Rapport = game.
Or rather, one of the many facets of game.
www.girlschase.com
He's doing the same thing many new guys do, where they get totally fixated on one small aspect of game, ignore everything else, get frustrated, realize it isn't working, then stumble on another aspect of game they'd unconsciously ignored before, conclude that everything they read about game in the past was obviously wrong and that they have independently discovered a hidden truth (which in fact was not hidden at all), then denounce the quasi-game they were practicing and begin preaching their new approach.
I've heard from guys like this repeatedly over the years: "Hey Chase, I tried your stuff for a while but it didn't work that great for me. Then I realized I needed to [some thing Chase tells guys to do repeatedly but this guy never did while he was 'trying Chase's stuff'] and suddenly my results exploded! I think you should try teaching that to your students."
Always makes me go
It seems to be a thing with how the human brain works. When you're taking in a bunch of new concepts, often there's too much to keep in conscious memory and a lot of it gets stored. You just ended up zeroing in on certain aspects of it and 'forgetting' the rest.
Then when you reach a sticking point, you start to unconsciously cycle through all your stored information, dig some of it up, try it without remembering where you got it, and when it works it
feels like an independent discovery, with the mind not properly attributing the source of the information.

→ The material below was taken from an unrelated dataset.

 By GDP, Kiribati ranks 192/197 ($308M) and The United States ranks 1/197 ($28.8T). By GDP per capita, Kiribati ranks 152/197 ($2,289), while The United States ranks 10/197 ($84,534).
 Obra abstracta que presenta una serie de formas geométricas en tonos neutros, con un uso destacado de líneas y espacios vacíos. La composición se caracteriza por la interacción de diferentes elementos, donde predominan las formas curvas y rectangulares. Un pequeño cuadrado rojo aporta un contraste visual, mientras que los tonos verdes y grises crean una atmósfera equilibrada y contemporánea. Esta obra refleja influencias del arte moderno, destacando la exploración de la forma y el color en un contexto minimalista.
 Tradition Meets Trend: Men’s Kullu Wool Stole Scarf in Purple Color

You see this a lot in songwriters who get accused of stealing a melody from somewhere else that they clearly had heard it, but they claim to not remember having listened to the song -- most of them probably aren't lying, they simply heard it, stored it, forgot it, then months or years later "independently" discovered it. It happened to me in my music-making days too: sometimes I'd make a melody I thought was awesomely original, then later I'd be listening to some song I hadn't heard in a while and realized the melody I'd made was exactly that song's melody.

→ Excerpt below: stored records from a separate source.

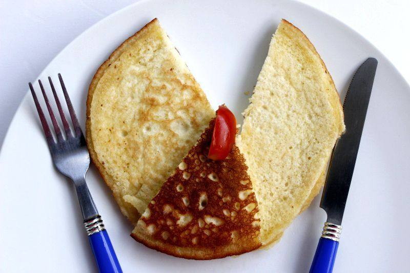 7:平底锅烧热后,倒入一汤勺面糊。小火煎至面糊表面有气泡后翻面再煎1分钟即可。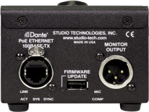 The user is presented with four pushbutton switches and a push-in/push-out rotary level potentiometer. The pushbutton switches are lighted with dual-color LEDs to clearly present the unit's operating status. The monitor output (available in both analog and Dante digital formats) can assist the user in confirming the current audio operation.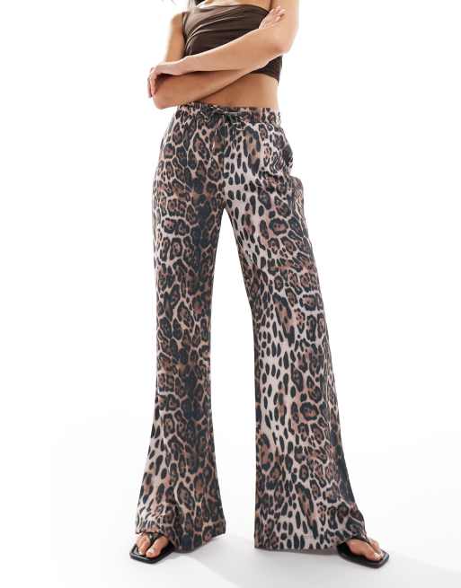 ASOS DESIGN textured wide leg trousers in animal print

You see it in movies, too. Watch
Spider-Man 2 then
The Dark Knight and discover the romance subplot is exactly the same, the scene on the balcony where the too-late guy gets rejected by the girl who has a new fiancée is the same, the theme of this debate within society about whether the hero is a good guy or not is very similar, then watch
Dreamscape then
Inception and look at how similar that is... does Christopher Nolan consciously lift themes and story beats out of other films? I don't know for sure but I suspect he just watches a lot of movies and it all gets mish-mashed in his head and he has no idea where the concept comes from.
Same with J.K. Rowling and
Harry Potter... watch 1986's
Troll about a boy named Harry Potter living in a magical building who is mentored by a wise, ancient mage as he encounters many strange magical creatures and evades magical dangers... but when Rowling describes the writing process she says the idea came to her like a bolt from the blue and she just stared writing. I doubt she realized at the time, "Oh wow, a lot of this comes from
Troll, doesn't it?"
If you read Steve Jobs's biography, there are multiple anecdotes of people suggesting something, Jobs dismissing it as a stupid idea, then a week later excitedly 'announcing' this brilliant new idea he's had to the person who told it to him, the idea being the same one he dismissed as stupid, with apparently no memory that the other person gave it to him.
I've had women do this to me. Chick has some problem... Chase: "I think you ought to just do X." Chick: "No, you don't understand, that would never work!" Chase: "Okay, whatever." --> weeks later: Chick: "I realized I could do X and now the problem is solved!" Chase: "And how'd you come up with that brilliant idea?" Chick: "It just came to me the other day!" Chase: "Uh-huh."
Has happened to me in seduction, too. Several times I had things I thought were breakthroughs, then read through the archives of guys I respected and discovered my "breakthrough" in an old post of the guy's I'd read months or years before. "Good thing I didn't post that as my own breakthrough!" I'd think.
Anyway, it's always good for people to realize things, whether it is a truly novel insight or it's just something they encountered before but 'forgot' until they were ready to start using it.
The one thing to be wary of is the whole "Ha HA! I have discovered something YOU didn't know! Everybody THINKS they know the truth... but only
I have uncovered what ACTUALLY works!" act, which some people are prone to doing but just makes them look goofy when the thing they "discovered" was something people were telling them about all along.